LogisticRegression()

#### Received the size warning/error message again.  Again decided to contine with testing the model to verify appropriateness.

In [20]:
#create predictions
y_pred = model.predict(X_test)

In [21]:
balanced_accuracy_score(y_test, y_pred)

0.17142857142857143

#### Resulting accuracy score was lower than the previous sampling method thereby ruling out the potential use of this model.

In [22]:
#using alternate tester to see if accuracy was impacted
model = LogisticRegression(solver='liblinear')
model.fit(X_train, y_train)

y_pred = model.predict(X_test)

balanced_accuracy_score(y_test, y_pred)

0.19999999999999998

#### Accuracy improved, but not to a level that provided acceptable results

## Attempted using three different classifier models; Balanced Random Forest Classifier and Random Forest Classifier

In [24]:
#import libraries
from imblearn.ensemble import BalancedRandomForestClassifier
from imblearn.ensemble import EasyEnsembleClassifier

rf_model = BalancedRandomForestClassifier()
rf_model = rf_model.fit(X_train, y_train)

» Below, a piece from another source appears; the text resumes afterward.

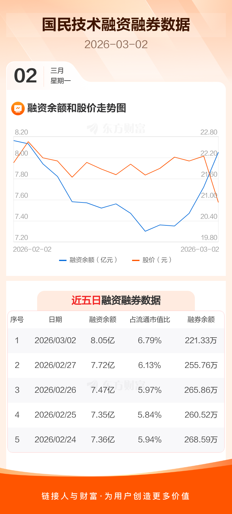交易所最新数据显示,国民技术于2026年3月2日获融资买入8076.38万元,融资偿还4756.74万元,当日融资净买入3319.65万元。目前,该股融资余额8.05亿,占流通市值比例为6.79%。
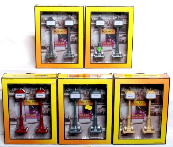 Five MTH Rail King No. 57 corner lamp sets

predictions = rf_model.predict(X_test)
balanced_accuracy_score(y_test, predictions)

0.5142857142857143

In [25]:
rf_model = EasyEnsembleClassifier()
rf_model = rf_model.fit(X_train, y_train)

predictions = rf_model.predict(X_test)
balanced_accuracy_score(y_test, predictions)

0.34285714285714286

In [26]:
#randomforestclassifier
from sklearn.ensemble import RandomForestClassifier
rf_model = RandomForestClassifier()
rf_model = rf_model.fit(X_train, y_train)

predictions = rf_model.predict(X_test)
balanced_accuracy_score(y_test, predictions)

0.4857142857142857

In [27]:
importances = rf_model.feature_importances_
sorted(zip(rf_model.feature_importances_, X.columns), reverse=True)

[(0.13028499228574295, 'alcohol'),
 (0.11330455847690797, 'volatile acidity'),
 (0.097964373549354, 'sulphates'),
 (0.09171173847840954, 'fixed acidity'),
 (0.08576428758067721, 'density'),
 (0.08273137785403284, 'citric acid'),
 (0.08264824067394522, 'total sulfur dioxide'),
 (0.08194449524933392, 'chlorides'),
 (0.07958165705862494, 'pH'),
 (0.07300951037238344, 'free sulfur dioxide'),
 (0.06829818960975703, 'residual sugar'),
 (0.007507464123517582, 'color_red'),
 (0.005249114687313327, 'color_white')]

#### Upon first running these models, the increased results seemed very promising.  However, after further consideration, it was determined that the models were not the correct ones to use as we were trying to predict quality scores for wines which was a continuous number, not a dichotomous classification.  The resulting values were misleading and not applicable to our goal so these models were not further considered. The weighted importance of the features did provide some useful insight, however.

## After conferring with group members and others, it was determined that the problem was more of a regression concern.  Attempted to solve the concern with a multiple linear regression model.

In [29]:
#import additional library
from sklearn.linear_model import LinearRegression

#set up features to be used in model
X = wine_df[['fixed acidity', 'volatile acidity', 'citric acid', 'residual sugar', 'chlorides', 'free sulfur dioxide', 'total sulfur dioxide', 'density', 'pH', 'sulphates', 'alcohol', 'color_red', 'color_white']]
y = wine_df['quality']

#build linear regression model
model = LinearRegression()

#fit the training data to model
model.fit(X, y)

LinearRegression()

In [30]:
#calculate accuracy score
score = model.score(X, y)
print(f'R2 Score: {score}')

R2 Score: 0.5612103200433789


#### Typically an R2 score of 70 or higher is desirable for an "acceptable" level of accuracy.  This was still determined to be the best possible outcome and option for predicting the quality scores of our wines.  Separate sample sets were taken from the training set and were run against the model to assess predictions and the resulting scores were determined as reasonably close; most were within .3 to .6 variance based on the tested sets.